>>>>

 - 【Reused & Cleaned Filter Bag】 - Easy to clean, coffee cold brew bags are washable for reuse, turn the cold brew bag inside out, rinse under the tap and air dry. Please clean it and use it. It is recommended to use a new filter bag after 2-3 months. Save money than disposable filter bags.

<<<<
>>>>

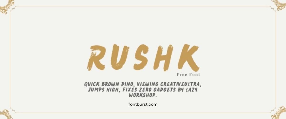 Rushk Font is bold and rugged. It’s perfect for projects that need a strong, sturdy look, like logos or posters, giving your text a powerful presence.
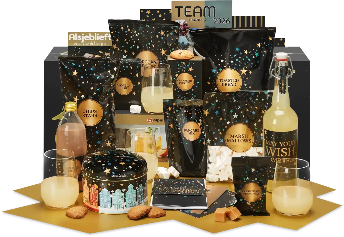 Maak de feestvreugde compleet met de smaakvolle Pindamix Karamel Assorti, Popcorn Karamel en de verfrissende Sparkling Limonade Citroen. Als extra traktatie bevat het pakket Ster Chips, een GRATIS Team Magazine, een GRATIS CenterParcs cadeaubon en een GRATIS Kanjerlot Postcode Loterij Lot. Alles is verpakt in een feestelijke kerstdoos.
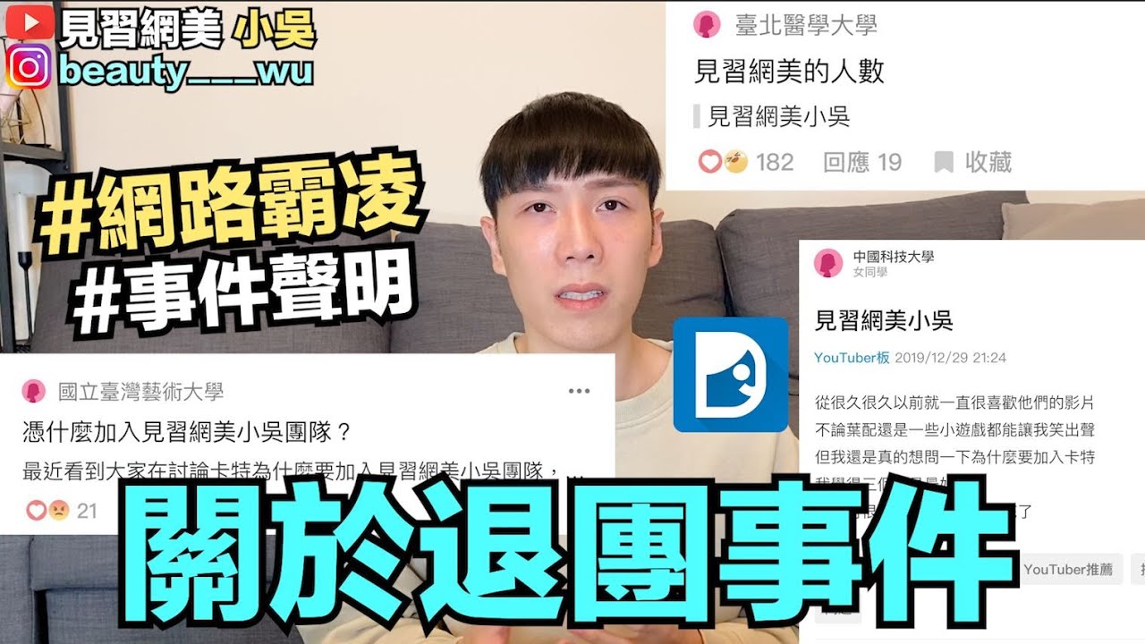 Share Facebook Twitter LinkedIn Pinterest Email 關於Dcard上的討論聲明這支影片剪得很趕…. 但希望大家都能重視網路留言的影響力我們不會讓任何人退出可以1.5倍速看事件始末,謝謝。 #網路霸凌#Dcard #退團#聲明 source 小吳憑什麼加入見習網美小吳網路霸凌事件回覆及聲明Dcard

<<<<

TASK DIRECTIONS |
Print nothing but the lines above starting with the line that contains "Maak de feestvreugde" and going on through the line that contains "Share Facebook Twitter". Leave out the pictures.

RESPONSE TO THE EXERCISE |
 Maak de feestvreugde compleet met de smaakvolle Pindamix Karamel Assorti, Popcorn Karamel en de verfrissende Sparkling Limonade Citroen. Als extra traktatie bevat het pakket Ster Chips, een GRATIS Team Magazine, een GRATIS CenterParcs cadeaubon en een GRATIS Kanjerlot Postcode Loterij Lot. Alles is verpakt in een feestelijke kerstdoos.
 Share Facebook Twitter LinkedIn Pinterest Email 關於Dcard上的討論聲明這支影片剪得很趕…. 但希望大家都能重視網路留言的影響力我們不會讓任何人退出可以1.5倍速看事件始末,謝謝。 #網路霸凌#Dcard #退團#聲明 source 小吳憑什麼加入見習網美小吳網路霸凌事件回覆及聲明Dcard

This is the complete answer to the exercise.